Processed data saved successfully.


# Task 2: Model Building

In [12]:
X = processed_df.drop(columns=['Rented Bike Count'])
y = processed_df['Rented Bike Count']
X_train, X_test, y_train, y_test = train_test_split(X, y, test_size=0.2, random_state=42)

models = {
    'Linear Regression': LinearRegression(),
    'Ridge': Ridge(),
    'Lasso': Lasso(),
    'Elastic Net': ElasticNet()
}

param_grid = {
    'Ridge': {'alpha': [0.1, 1, 10]},
    'Lasso': {'alpha': [0.1, 1, 10]},
    'Elastic Net': {'alpha': [0.1, 1, 10], 'l1_ratio': [0.1, 0.5, 0.9]}
}

for name, model in models.items():
    if name in param_grid:
        grid_search = GridSearchCV(model, param_grid[name], cv=5, scoring='r2')
        grid_search.fit(X_train, y_train)
        best_model = grid_search.best_estimator_
    else:
        best_model = model.fit(X_train, y_train)
    
    y_pred = best_model.predict(X_test)
    print(f"{name} Evaluation:")
    print("MAE:", mean_absolute_error(y_test, y_pred))
    print("MSE:", mean_squared_error(y_test, y_pred))
    print("R2 Score:", r2_score(y_test, y_pred))

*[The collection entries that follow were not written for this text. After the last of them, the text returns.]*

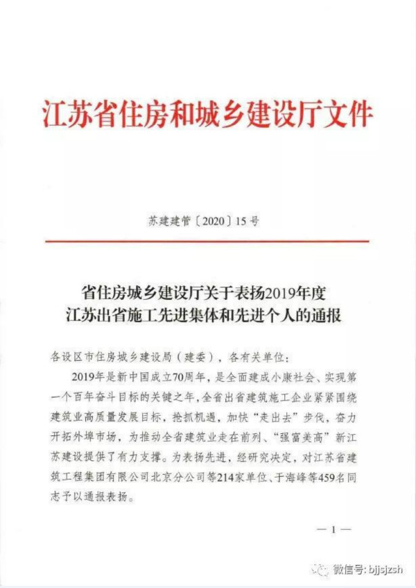 近日,江蘇華建北京分公司被江蘇省住建廳表彰為“2019年度出省建筑施工先進集體”。當前疫情...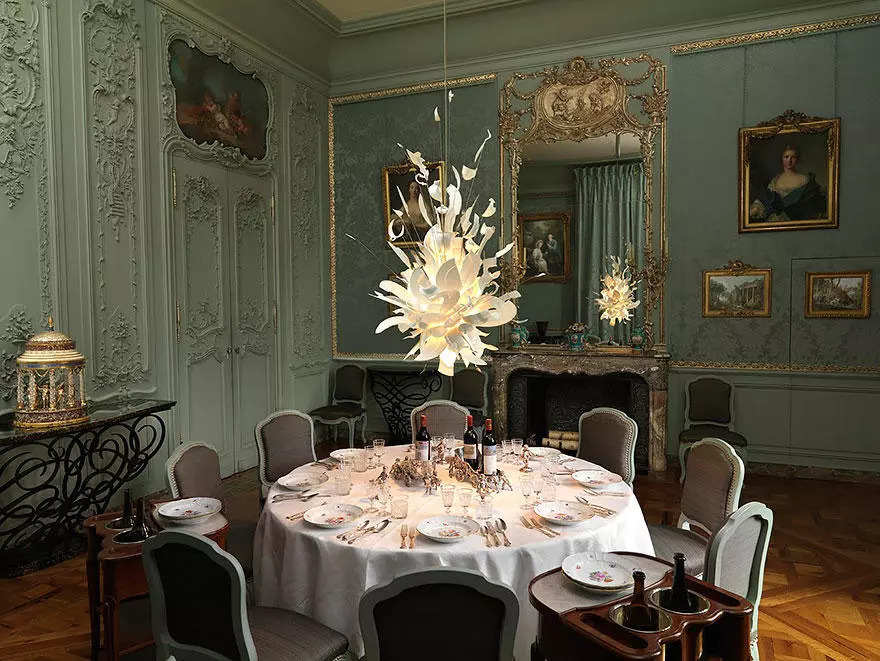 这组灯具看得好令人惊心动魄,戏剧张力十足,好像真的有一大团餐具从楼上坠落下来一般,美国大片一样的既视感!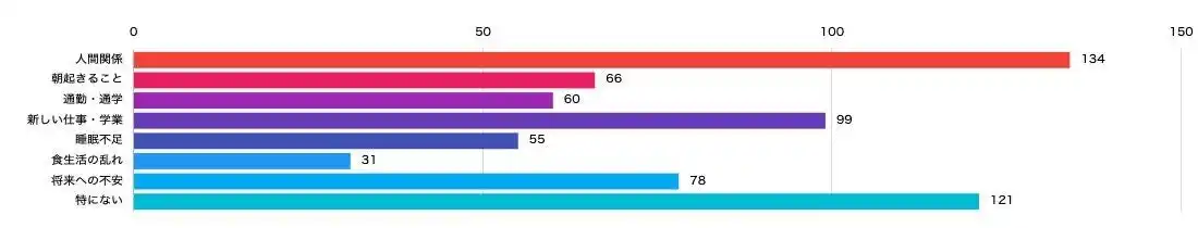 次いで、「新しい仕事・学業」「将来への不安」などが上位に挙げられ、環境の変化に伴う精神的・身体的な負担の両面が浮き彫りとなっています。 |

Linear Regression Evaluation:
MAE: 344.0185344541952
MSE: 218093.86422772516
R2 Score: 0.47654906131579244
Ridge Evaluation:
MAE: 343.9508196879352
MSE: 218058.4184308561
R2 Score: 0.476634135399418
Lasso Evaluation:
MAE: 343.9394183178123
MSE: 218057.4565457506
R2 Score: 0.47663644403686245
Elastic Net Evaluation:
MAE: 342.38068984767983
MSE: 218570.859614375
R2 Score: 0.4754042162566524


# Task 3: Model Building with Polynomial Features

In [14]:
poly = PolynomialFeatures(degree=2)
X_poly = poly.fit_transform(X)
X_train_poly, X_test_poly, y_train_poly, y_test_poly = train_test_split(X_poly, y, test_size=0.2, random_state=42)

poly_model = LinearRegression()
poly_model.fit(X_train_poly, y_train_poly)
y_pred_poly = poly_model.predict(X_test_poly)

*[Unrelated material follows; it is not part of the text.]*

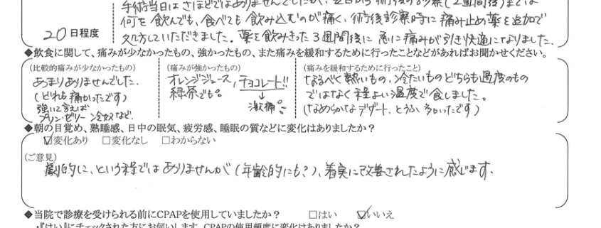 術後の患者様の感想 No.3714

print("Polynomial Regression Evaluation:")
print("MAE:", mean_absolute_error(y_test_poly, y_pred_poly))
print("MSE:", mean_squared_error(y_test_poly, y_pred_poly))
print("R2 Score:", r2_score(y_test_poly, y_pred_poly))

joblib.dump(poly_model, 'best_poly_model.pkl')

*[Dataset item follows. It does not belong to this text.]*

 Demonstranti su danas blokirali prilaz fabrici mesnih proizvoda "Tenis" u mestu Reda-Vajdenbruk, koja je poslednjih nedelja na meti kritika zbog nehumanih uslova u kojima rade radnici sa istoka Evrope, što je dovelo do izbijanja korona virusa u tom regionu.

# Task 4: Model Evaluation and Validation
for name, model in models.items():
    scores = cross_val_score(model, X, y, cv=5, scoring='r2')
    print(f"{name} Cross-Validation R2 Score: {np.mean(scores)}")

# Task 5: Reporting and Insights
print("Key Findings:Example")
print("- Temperature and Humidity are significant factors influencing rentals.")
print("- Polynomial features improved the R2 score compared to linear models.")
print("- Ridge regression performed better than Lasso, indicating less need for feature selection.")
print("Recommendations:")
print("- Further feature engineering on time-based patterns may improve accuracy.")

Polynomial Regression Evaluation:
MAE: 289.09512920932684
MSE: 171378.44891588186
R2 Score: 0.5886715553740107
Linear Regression Cross-Validation R2 Score: -0.42338968058339627
Ridge Cross-Validation R2 Score: -0.41963527338440515
Lasso Cross-Validation R2 Score: -0.37906853793239464
Elastic Net Cross-Validation R2 Score: -0.7403288109971691
Key Findings:Example
- Temperature and Humidity are significant factors influencing rentals.
- Polynomial features improved the R2 score compared to linear models.
- Ridge regression performed better than Lasso, indicating less need for feature selection.
Recommendations:
- Further feature engineering on time-based patterns may improve accuracy.